Partial Identification Under Iterated Strict Dominance [latest draft] (submitted)
I use an Iterated Strict Dominance (ISD) argument to build bounds on the distribution of outcomes of games and use them to pin down an identified set for the parameters of interest. These bounds (ISD Bounds) are robust to equilibrium multiplicity, pure and mixed, and to any non-equilibrium play as long as it is consistent with ISD. Furthermore, ISD Bounds apply to games of complete or incomplete information, with discrete or continuous actions of any dimensionality, as well as games with unobserved heterogeneity. To maximize the "bite" of ISD Bounds, I introduce Strategically Monotonic Supermodular Games, i.e., games of strategic complements/substitutes where players’ payoffs are supermodular in their actions. I show that ISD rules out large swaths of the strategy set for this type of game via an easy-to-compute sequence of best-response iterations. Moreover, I show that for binary games the resulting identified set is sharp. Finally, I apply ISD Bounds to an entry game for the airline industry and use the estimates to evaluate the impact of the proposed merger between JetBlue and Spirit.
Buyer Power in the Beef Packing Industry: An Update on Research in Progress (with Minji Kim, Nathan Miller and Matthew Weinberg) [latest draft]
We consider the oligopsony competition among beef packers to purchase cattle from feedlots. We explore in particular the competitive implicates of an increasingly popular contract in which the price of a (future) transaction is pegged to future cash market prices. These contracts create an additional incentive for packers to depress cash market prices, and as the largest four packers account for more than 80% of purchases, they likely have an ability to do so. We provide descriptive regressions that show a negative correlation between contract quantities and cash market prices on a week-to-week basis over 2005-2019. We then construct an empirical model and estimate it using data from the same period. The model allows us to assess the extent to which the rise of contracts may have contributed to an increase in the observed spread between the prices that packers pay for cattle and the prices that they receive for beef.

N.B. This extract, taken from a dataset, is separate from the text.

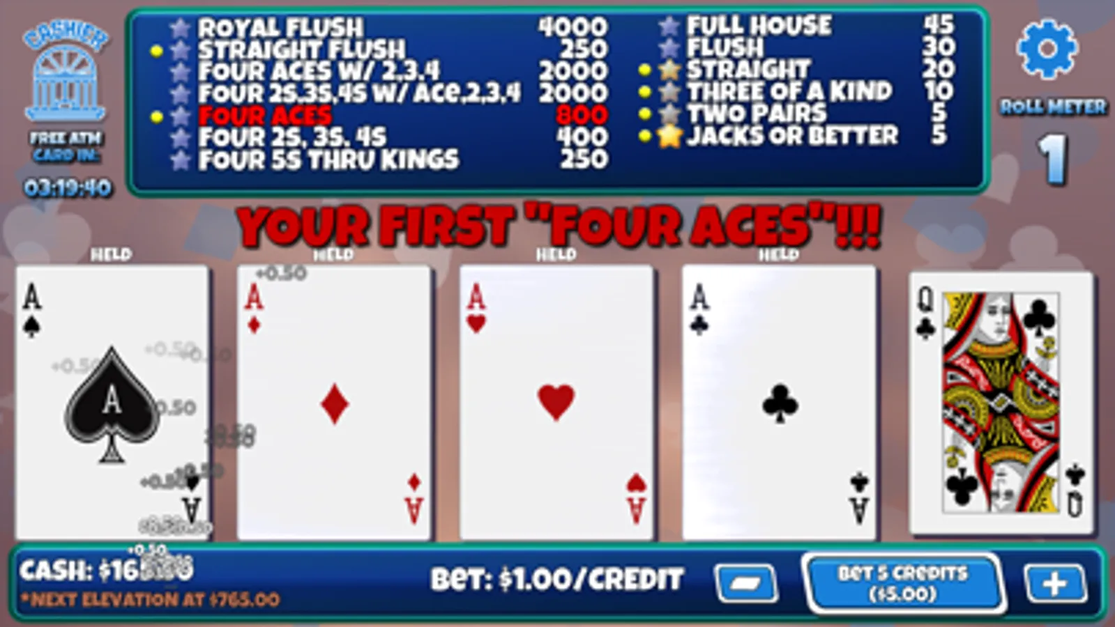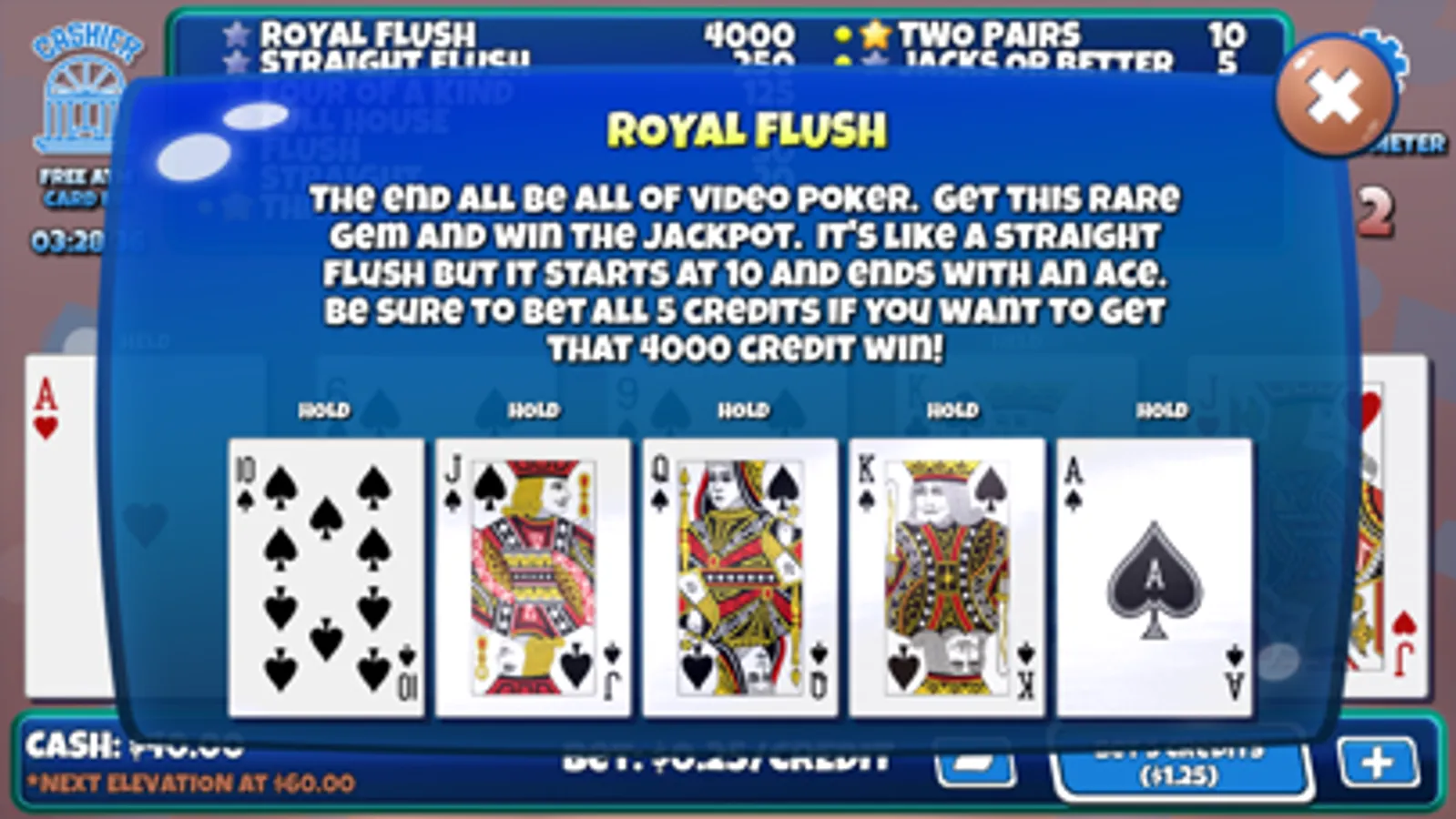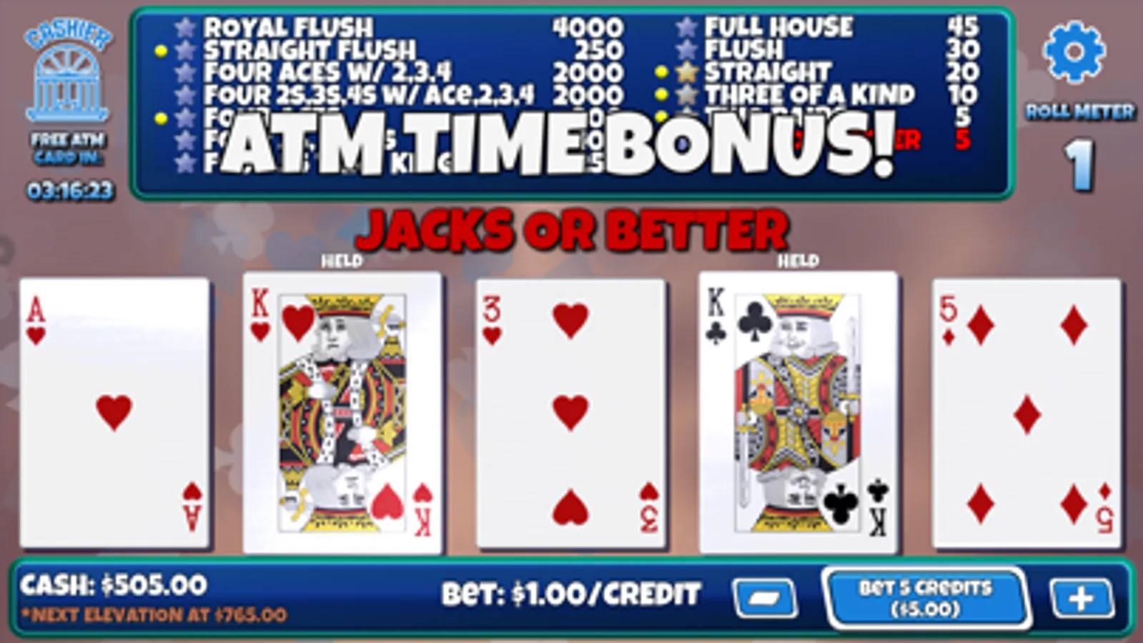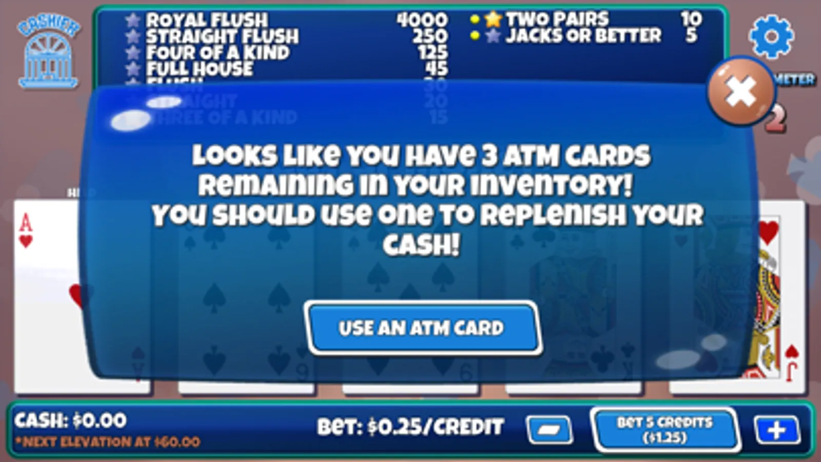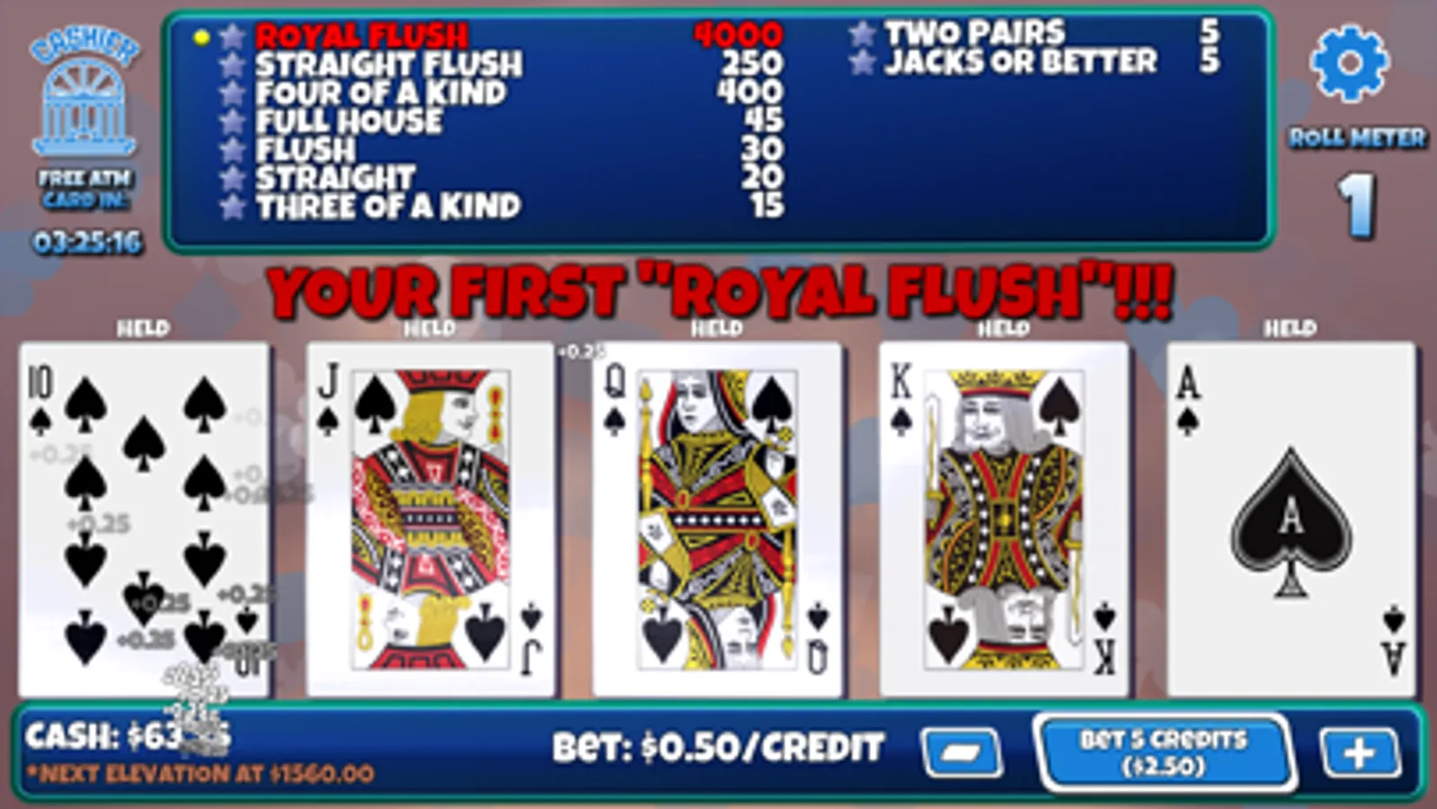 Win big in your quest to get the rare and wily Royal Flush! We’ve worked hard to provide a fun and engaging game that you can play without constantly feeling nickeled and dimed. Use your in-game "ATM Cards" to get cash used to play. These cards are freely available and NEVER run out or expire. You can literally play this game for hours without having to wait for timers or be compelled to purchase something.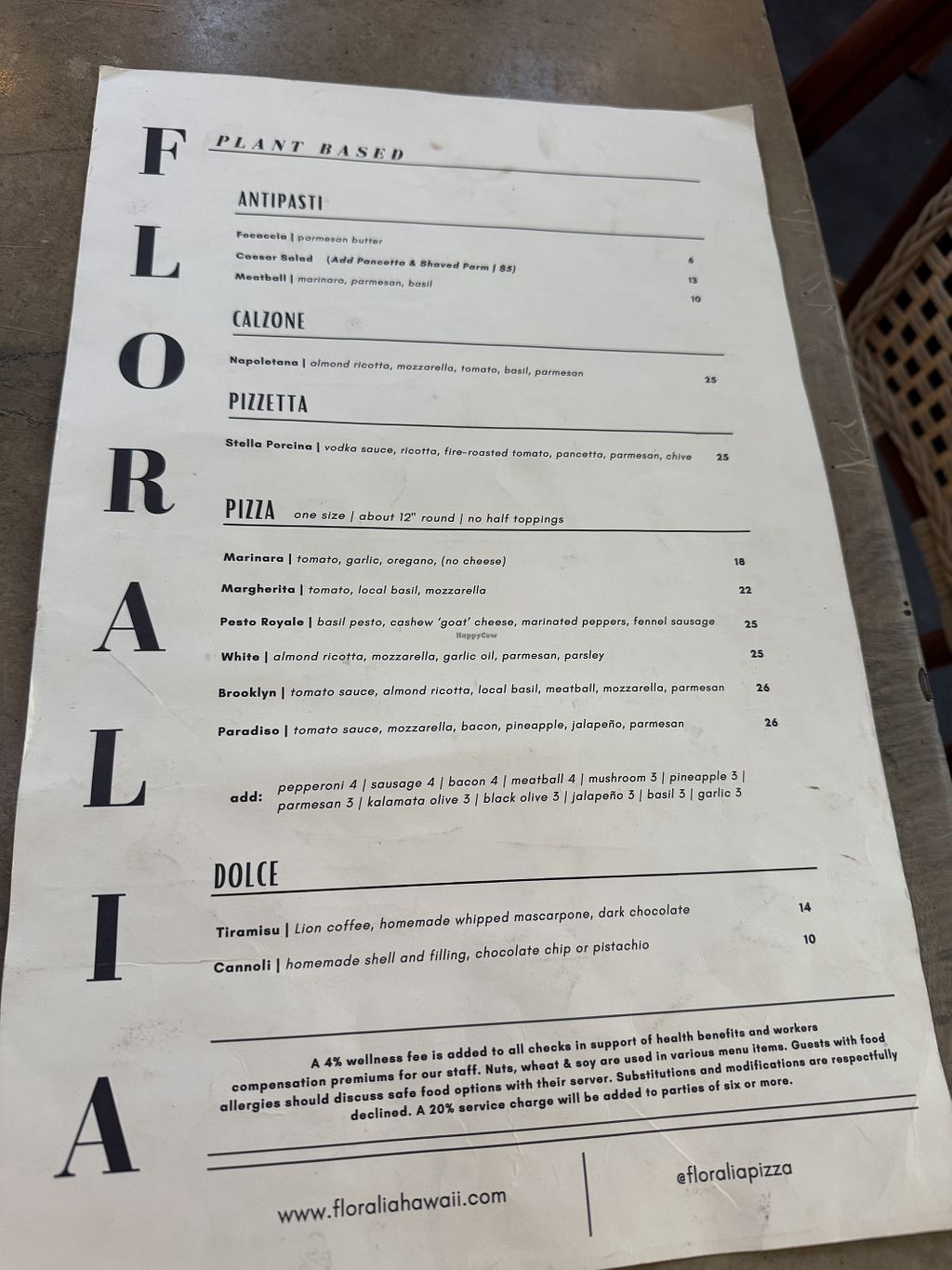 My favorite vegan restaurant on Oahu. I love the laid back atmosphere, outdoor seating, the service, and the quality of everything on the menu. Dinner for our family of four was four pizzas (Margherita, Pesto Royale, and two Brooklyn’s) and one dessert (tiramisu) to share, plus drinks. We are above average eaters, and that was plenty. Will definitely be back.

Mergers Between Multi-Product Firms With Endogenous Variety: Theory and an Application to the RTE-Cereal Industry [latest draft]
When multi-product firms endogenously choose their product variety, mergers can have welfare effects that go well beyond their immediate impact through prices. The structural models needed to quantify these effects, however, quickly become computationally intractable as the number of products grows. In this paper, I propose a dynamic structural model of multi-product firms and endogenous product variety that bypasses this dimensionality problem. I show that, under a nested logit demand assumption, firms introduce/remove products in pre-determined order. As a result, the number of products each firm supplies is a sufficient statistic for the identity of the products themselves and, therefore, for all market outcomes and firms’ continuation strategies. I use this result to argue that the strategies and states that need to be considered to solve the model are a small fraction of the whole strategy set and state space, making it possible to estimate the model using standard techniques in structural econometrics. I apply the model to the RTE-Cereal Industry and use it to simulate a hypothetical merger between two large players. Results show that ignoring endogenous product variety leads to a 30% overestimation of the post-merger number of products and a 19% underestimation of consumer welfare loss.
The Market Effects of Mergers on Incumbent Behavior and Entry: Evidence from Dialysis. (with Anwita Mahajan, Adrian Rubli) [draft coming soon]
We study the effects of mergers on incumbent behavior and firm entry in the U.S. dialysis industry. Using an event-study approach, we find that facilities and dialysis stations decrease in markets exposed to mergers, relative to markets without any merger activity. This is driven by a sharp reduction in both variables by the merged entity, which is only partially offset by an increase corresponding to other incumbent firms. We do not find evidence for novel entry. Additionally, we find declines in inputs per station at merged firm facilities and an increase at other facilities.